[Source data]
#####

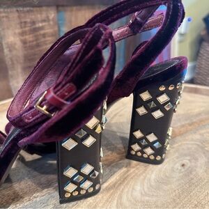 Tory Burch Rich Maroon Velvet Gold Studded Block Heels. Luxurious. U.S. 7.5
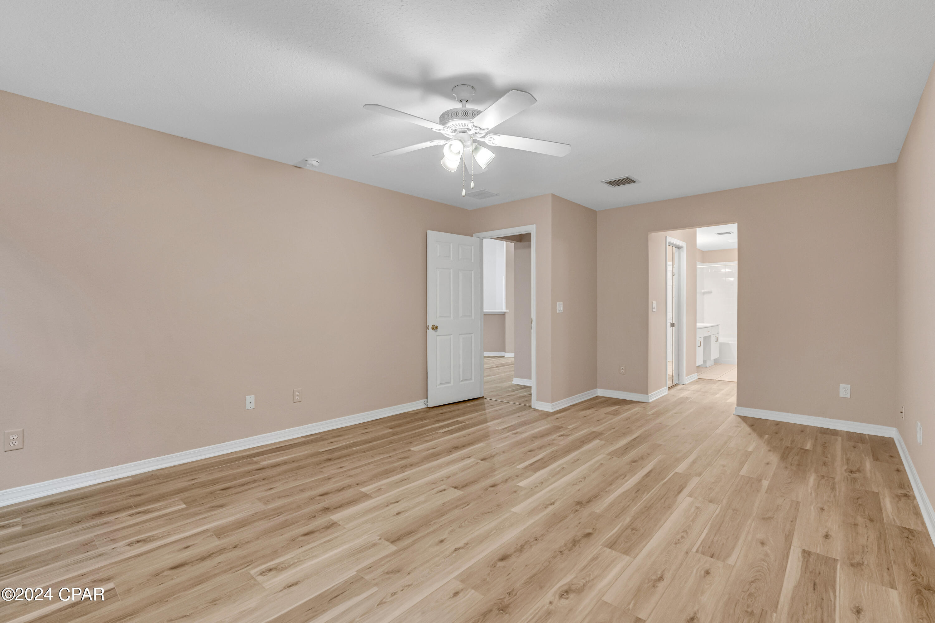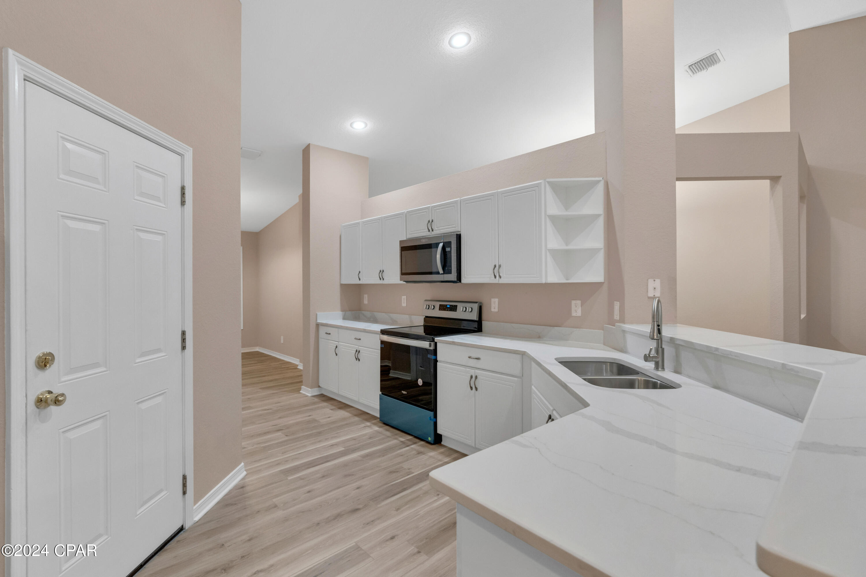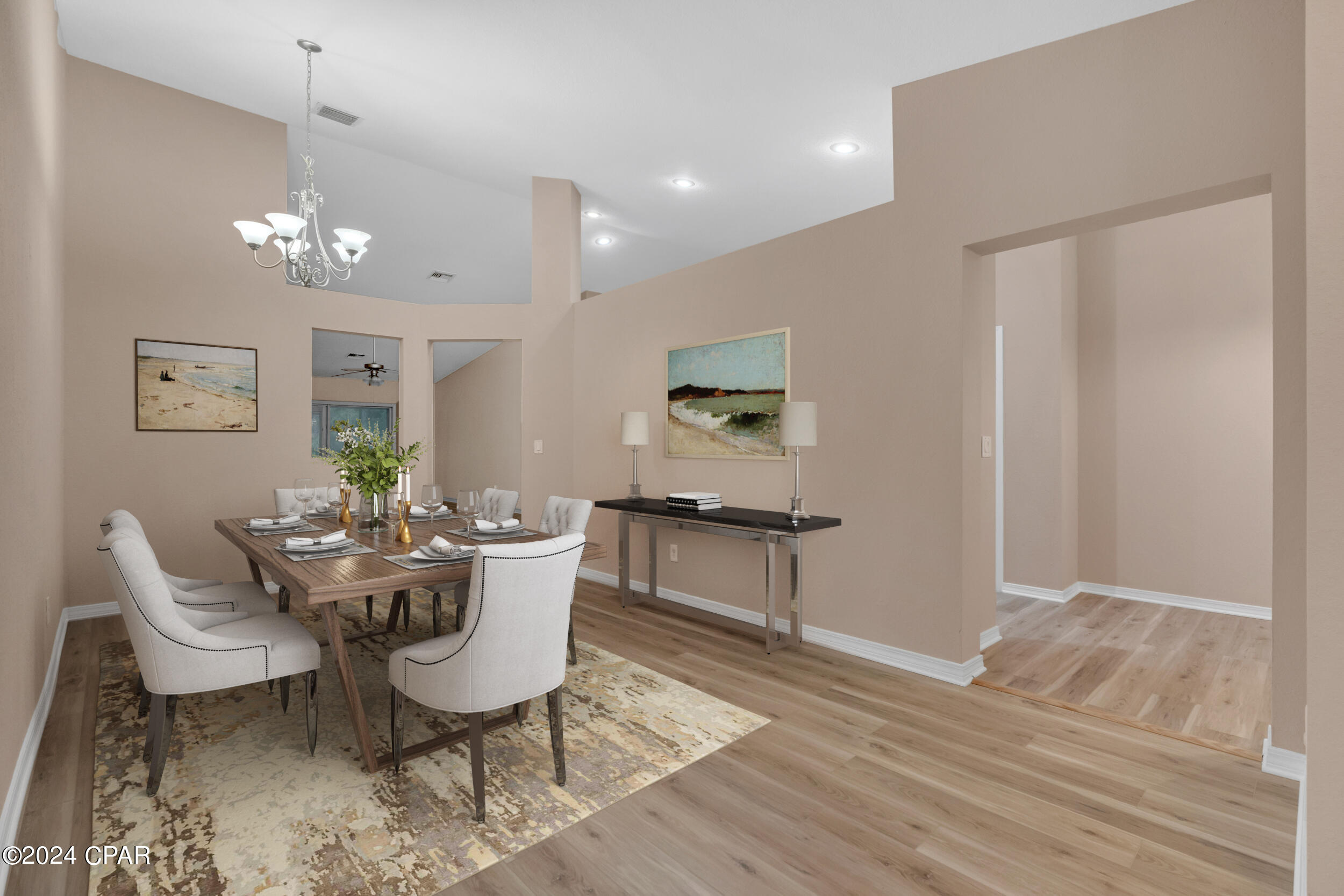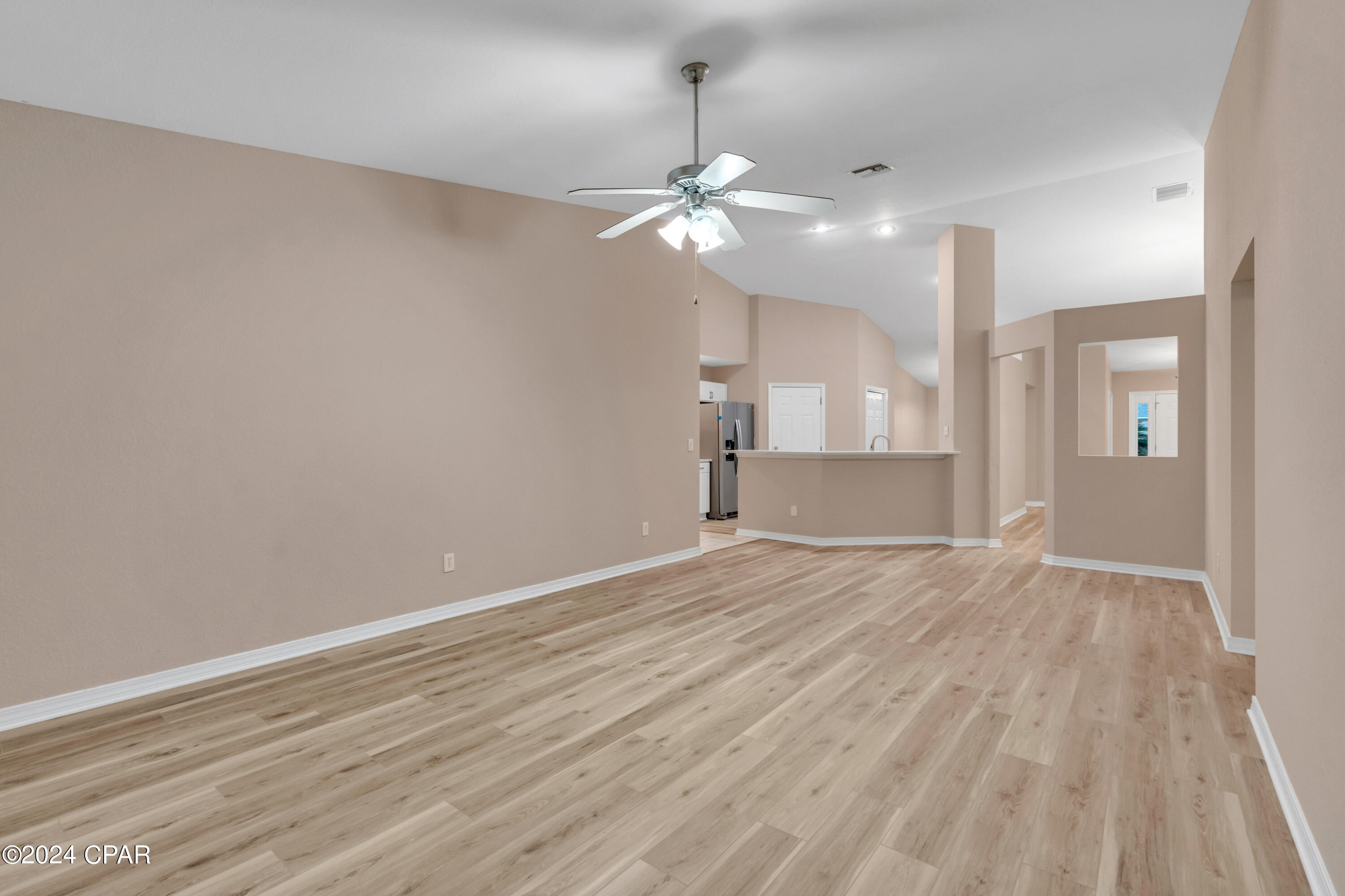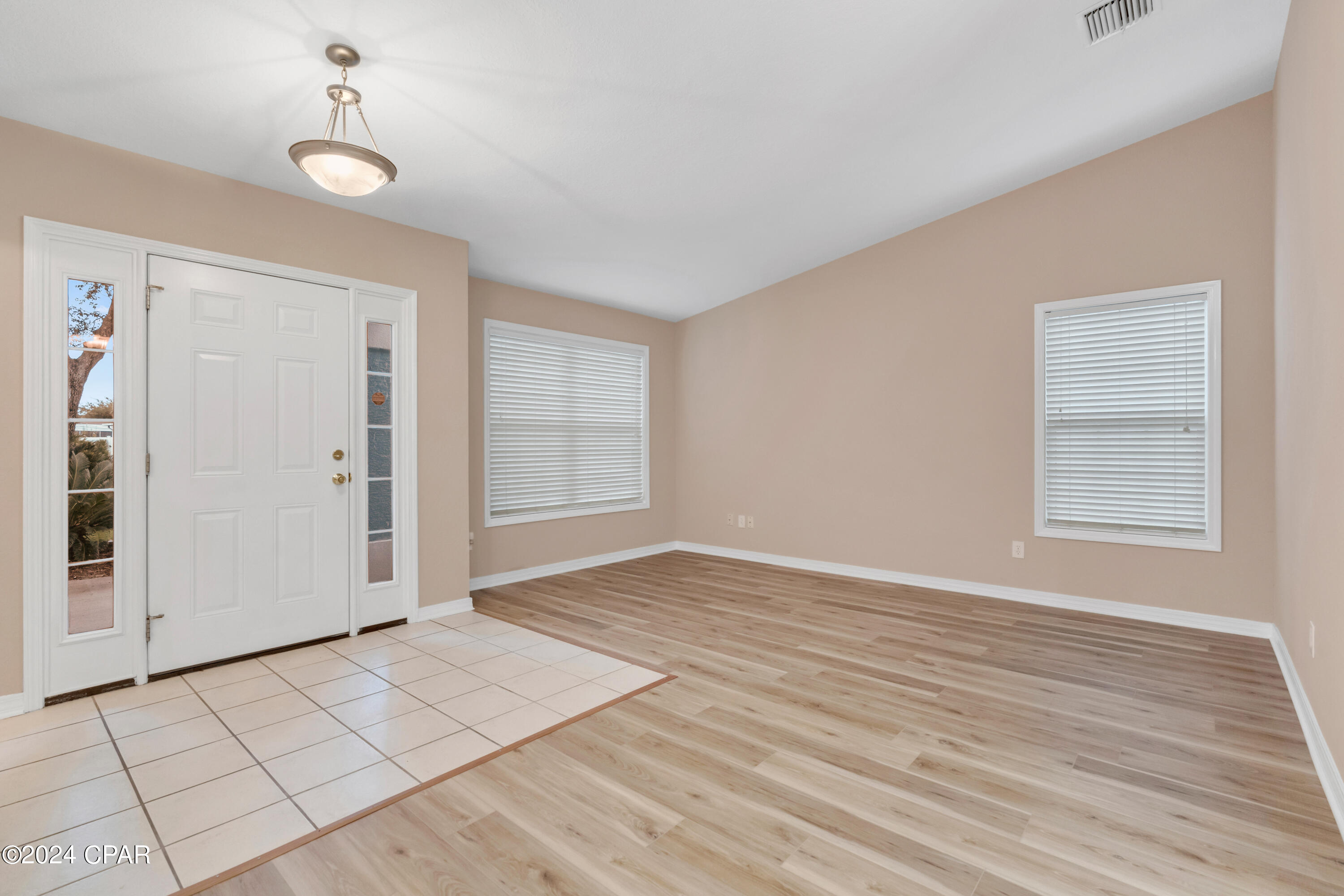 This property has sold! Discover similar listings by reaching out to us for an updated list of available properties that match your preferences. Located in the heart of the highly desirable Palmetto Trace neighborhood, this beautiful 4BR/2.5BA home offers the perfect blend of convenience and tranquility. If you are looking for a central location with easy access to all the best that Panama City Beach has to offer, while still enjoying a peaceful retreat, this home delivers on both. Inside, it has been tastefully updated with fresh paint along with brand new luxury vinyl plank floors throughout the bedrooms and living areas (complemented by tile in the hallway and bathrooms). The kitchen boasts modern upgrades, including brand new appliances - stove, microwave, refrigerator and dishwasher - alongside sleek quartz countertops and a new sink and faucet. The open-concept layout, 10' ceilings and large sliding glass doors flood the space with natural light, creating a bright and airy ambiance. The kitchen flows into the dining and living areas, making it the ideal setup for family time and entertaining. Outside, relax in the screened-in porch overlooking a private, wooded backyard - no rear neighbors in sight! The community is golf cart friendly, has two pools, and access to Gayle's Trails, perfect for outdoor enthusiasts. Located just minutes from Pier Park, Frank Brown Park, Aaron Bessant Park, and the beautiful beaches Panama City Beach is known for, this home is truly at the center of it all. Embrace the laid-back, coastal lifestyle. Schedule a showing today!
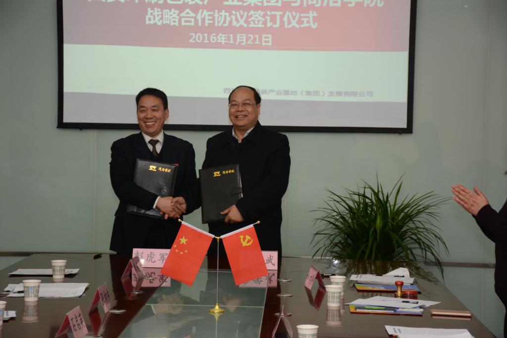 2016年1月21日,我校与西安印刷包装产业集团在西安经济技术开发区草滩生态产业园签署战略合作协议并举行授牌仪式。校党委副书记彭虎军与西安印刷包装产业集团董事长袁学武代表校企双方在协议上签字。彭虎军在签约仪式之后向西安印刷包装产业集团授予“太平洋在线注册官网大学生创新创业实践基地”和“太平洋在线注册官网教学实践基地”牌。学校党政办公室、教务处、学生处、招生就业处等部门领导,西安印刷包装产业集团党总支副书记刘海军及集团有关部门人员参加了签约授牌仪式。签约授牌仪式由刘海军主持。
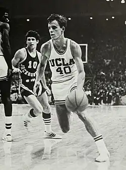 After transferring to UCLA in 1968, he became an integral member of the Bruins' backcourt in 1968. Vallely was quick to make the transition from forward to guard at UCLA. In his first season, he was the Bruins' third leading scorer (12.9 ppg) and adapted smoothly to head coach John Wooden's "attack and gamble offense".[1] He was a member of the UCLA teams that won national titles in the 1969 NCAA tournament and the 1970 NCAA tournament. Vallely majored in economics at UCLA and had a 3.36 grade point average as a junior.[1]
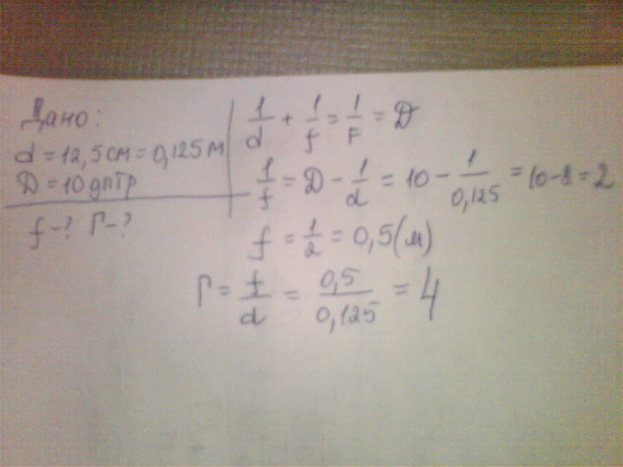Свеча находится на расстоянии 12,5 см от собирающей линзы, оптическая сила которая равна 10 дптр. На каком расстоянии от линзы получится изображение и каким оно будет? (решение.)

#####

The answer must be an exact copy of the lines from the start of the records above through the line containing "2016年1月21日,我校与", with no pictures in it.

 Tory Burch Rich Maroon Velvet Gold Studded Block Heels. Luxurious. U.S. 7.5
 This property has sold! Discover similar listings by reaching out to us for an updated list of available properties that match your preferences. Located in the heart of the highly desirable Palmetto Trace neighborhood, this beautiful 4BR/2.5BA home offers the perfect blend of convenience and tranquility. If you are looking for a central location with easy access to all the best that Panama City Beach has to offer, while still enjoying a peaceful retreat, this home delivers on both. Inside, it has been tastefully updated with fresh paint along with brand new luxury vinyl plank floors throughout the bedrooms and living areas (complemented by tile in the hallway and bathrooms). The kitchen boasts modern upgrades, including brand new appliances - stove, microwave, refrigerator and dishwasher - alongside sleek quartz countertops and a new sink and faucet. The open-concept layout, 10' ceilings and large sliding glass doors flood the space with natural light, creating a bright and airy ambiance. The kitchen flows into the dining and living areas, making it the ideal setup for family time and entertaining. Outside, relax in the screened-in porch overlooking a private, wooded backyard - no rear neighbors in sight! The community is golf cart friendly, has two pools, and access to Gayle's Trails, perfect for outdoor enthusiasts. Located just minutes from Pier Park, Frank Brown Park, Aaron Bessant Park, and the beautiful beaches Panama City Beach is known for, this home is truly at the center of it all. Embrace the laid-back, coastal lifestyle. Schedule a showing today!
 2016年1月21日,我校与西安印刷包装产业集团在西安经济技术开发区草滩生态产业园签署战略合作协议并举行授牌仪式。校党委副书记彭虎军与西安印刷包装产业集团董事长袁学武代表校企双方在协议上签字。彭虎军在签约仪式之后向西安印刷包装产业集团授予“太平洋在线注册官网大学生创新创业实践基地”和“太平洋在线注册官网教学实践基地”牌。学校党政办公室、教务处、学生处、招生就业处等部门领导,西安印刷包装产业集团党总支副书记刘海军及集团有关部门人员参加了签约授牌仪式。签约授牌仪式由刘海军主持。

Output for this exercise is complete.